Organizations like Boys to Men are essential, guiding young men through mentorship, community, and vulnerability. They help teenagers discover their purpose, founded on Christian principles, with real-life applications that create lasting impact.

The key speaker was a young man by the name of Ezra, who spoke a powerful message to the boys in attendance. He spoke about his mother's drug addiction to crack cocaine, and how it affected him growing up. His words were heavy with emotion as he recalled the deep hurt, resentment, and even embarrassment he felt as a child. Ezra’s mother was seated at our table, and when he began speaking about her, the weight of those years seemed to pour out of her in tears. Someone around her held her, and in that moment, I was reminded of how crucial it is for us to have people who support us, even in our brokenness.

Ezra spoke honestly about how his anger once led him down a dark path, arrested three times and nearly falling into a life of crime. But there was a turning point: he realized he couldn't help his mother if he was locked away. And just like that, his life began to change.

Through all the pain, Ezra still held onto the good moments with his mom, like her being his loudest cheerleader, her calling him her "baby” even as he grew older, and her nuggets of wisdom, all while she was still struggling. Those glimmers of her true nature helped Ezra see her for who she really was. He held on to those truths about her character.

Much like Jesus looks beyond our shortcomings, he sees us as we are, who we could be, Ezra chose to speak life into his mother. Standing in front of a room full of people, he honored her. He told the crowd about her 10 years of sobriety, her strength, and her victories. It was a moment of pure restoration, a public declaration of love and grace. And when his mother joined him on stage, the embrace they shared was the culmination of years of pain, healed by love.

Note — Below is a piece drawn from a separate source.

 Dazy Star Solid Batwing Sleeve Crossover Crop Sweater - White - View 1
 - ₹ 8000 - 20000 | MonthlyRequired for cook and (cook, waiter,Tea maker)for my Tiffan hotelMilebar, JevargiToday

As I drove home, I reflected on what I had witnessed. I couldn’t help but wonder what I would have said if it were me holding the mic. “Mom, I love you because…” The words wouldn’t come. Not because I don't love her, but because we’ve never spoken to each other like that. So much goes unsaid in many relationships—so many blessings withheld because we don’t speak them out loud. Last night’s activity was more than a touching gesture; it was a way to cultivate love, to push past the fear of vulnerability and speak life into the people we care about. Instead of feeling discouraged by my silence, I just continued to reflect on the wonderful evening. I prayed for restoration in my relationships.

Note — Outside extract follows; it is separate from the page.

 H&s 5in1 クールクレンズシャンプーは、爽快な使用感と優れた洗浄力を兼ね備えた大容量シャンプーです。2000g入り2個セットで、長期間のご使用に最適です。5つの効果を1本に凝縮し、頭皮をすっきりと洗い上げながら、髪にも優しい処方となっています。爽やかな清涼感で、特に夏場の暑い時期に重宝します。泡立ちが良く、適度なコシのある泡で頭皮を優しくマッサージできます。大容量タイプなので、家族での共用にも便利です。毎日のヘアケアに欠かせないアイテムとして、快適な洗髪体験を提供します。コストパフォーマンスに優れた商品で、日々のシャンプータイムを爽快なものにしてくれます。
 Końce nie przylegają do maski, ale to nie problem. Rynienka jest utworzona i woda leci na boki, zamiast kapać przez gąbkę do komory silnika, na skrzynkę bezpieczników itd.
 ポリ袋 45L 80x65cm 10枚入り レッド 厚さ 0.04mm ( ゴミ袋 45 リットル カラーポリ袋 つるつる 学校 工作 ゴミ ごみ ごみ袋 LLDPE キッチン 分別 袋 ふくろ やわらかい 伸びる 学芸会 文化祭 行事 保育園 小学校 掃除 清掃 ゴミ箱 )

Instead of feeling discouraged by my silence, I prayed for restoration in my relationships and the courage to speak love into them. It made me think: How many of us carry the weight of strained relationships with our parents? How often do we withhold grace because of past hurt?

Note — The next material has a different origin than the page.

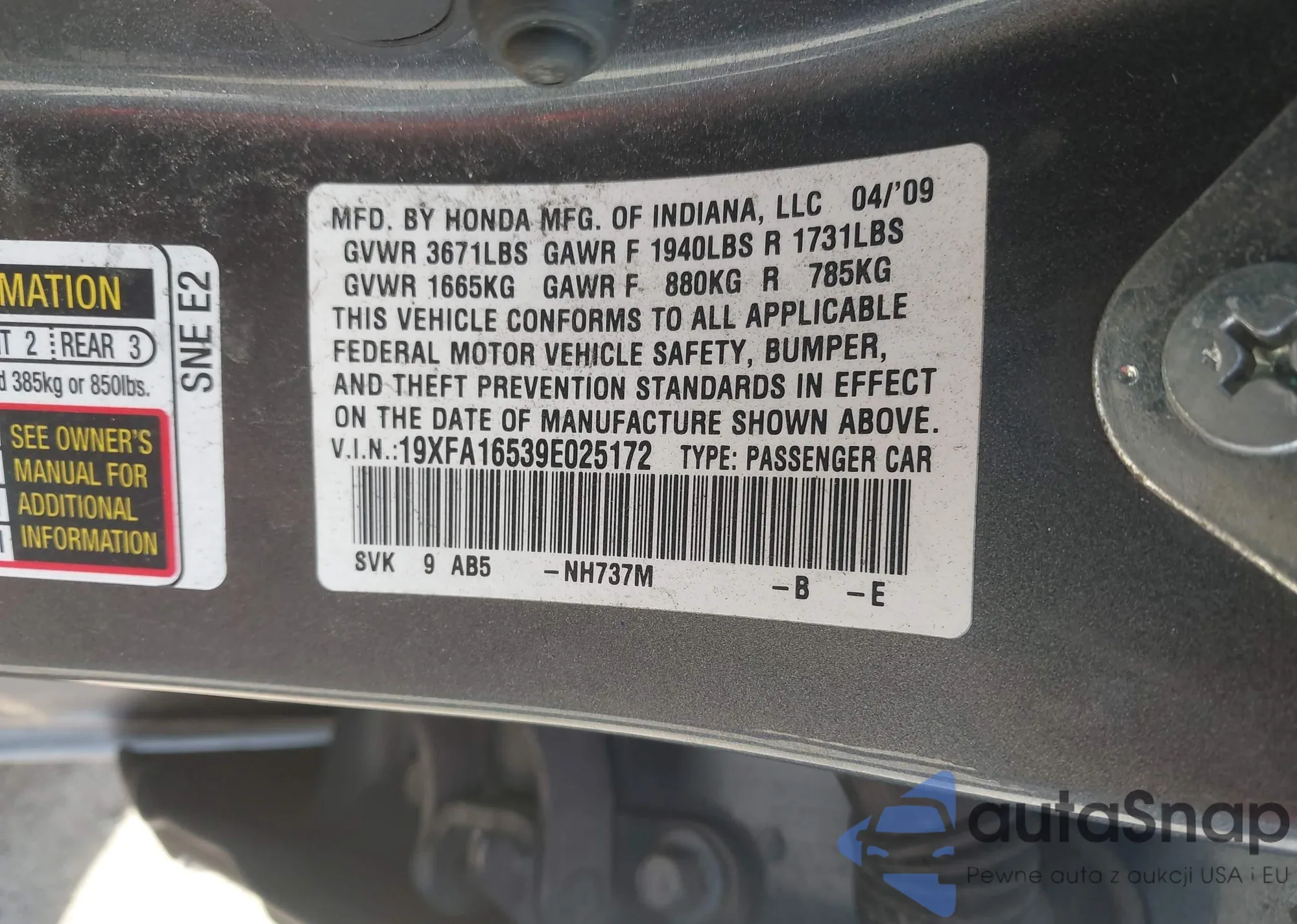 LOT: 43208449 VIN: 19XFA16949E012188
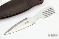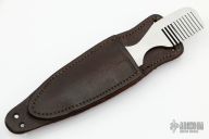 This "Wild Hair" comb dagger features a chisel grind double edged blade. The handle is a comb. In the sheath it appears to be just a comb. Brown leather sheath. Excellent condition.

His mother was at the same table as us, and as he started to speak she couldn't hold back her tears. She was comforted immediately by the people around her, reminding me how important community is for us all. He spoke from his heart, and I could feel his honesty setting many people free in the room. He perfectly explained the complexity of the situation at hand, including his embarrassment and resentment towards his mother, and yet his deep loyalty for her as she was ostracized from society. He got into much trouble as a teenager defending her, despite his deep insecurities about her as his mother. He conquered many dark thoughts which would have led him to prison or in a grave. Having been arrested 3 times, he recalled his lowest point. He realized he could not help his mom if he does get locked up. This was a major turning point for him. His mother's loving and forgiving heart helped him to release the anger he held towards those who failed her and kept her in bondage with the drugs. Despite such a difficult upbringing, he still spoke so positively about the glimmers he had of her true nature when she was sober. He knew that those moments were truly her. He recalled how she would be the loudest cheerleader during sports day, and how she would always call him her baby, even as an adult now. Her moments of good counsel, even when she herself was struggling, helped him through many dark times. He held on to those truths about her character.

Many of us have strained relationships with our parent(s), but how do we shift our perspectives in order to offer them grace? How do we step up and speak love into them, even if we have not received it from them? Does that even feel like a possibility? There's power in acknowledging the brokenness of a situation, while also opening the door to a deeper understanding, patience, forgiveness, and grace. Ezra proved this in his own story. Let LOVE lead the way, even if it takes forever and a day to arrive at that state.

Honoring and Forgiveness

  • What does honoring your parents look like for you?
  • What would forgiveness look like in your most difficult relationships?

Reflection on Missed Moments

  • Think back to a moment when you wished you’d said something but stayed silent—what would you say now if you had the chance?
  • Think back to a time when you felt proud of someone close to you—did you tell them? If not, why?

Courage to Speak Love

  • What’s one thing you’ve always wanted to say to someone you care about, but never have? What holds you back?
  • What’s the hardest part for you when it comes to speaking love out loud? How can you push past that fear?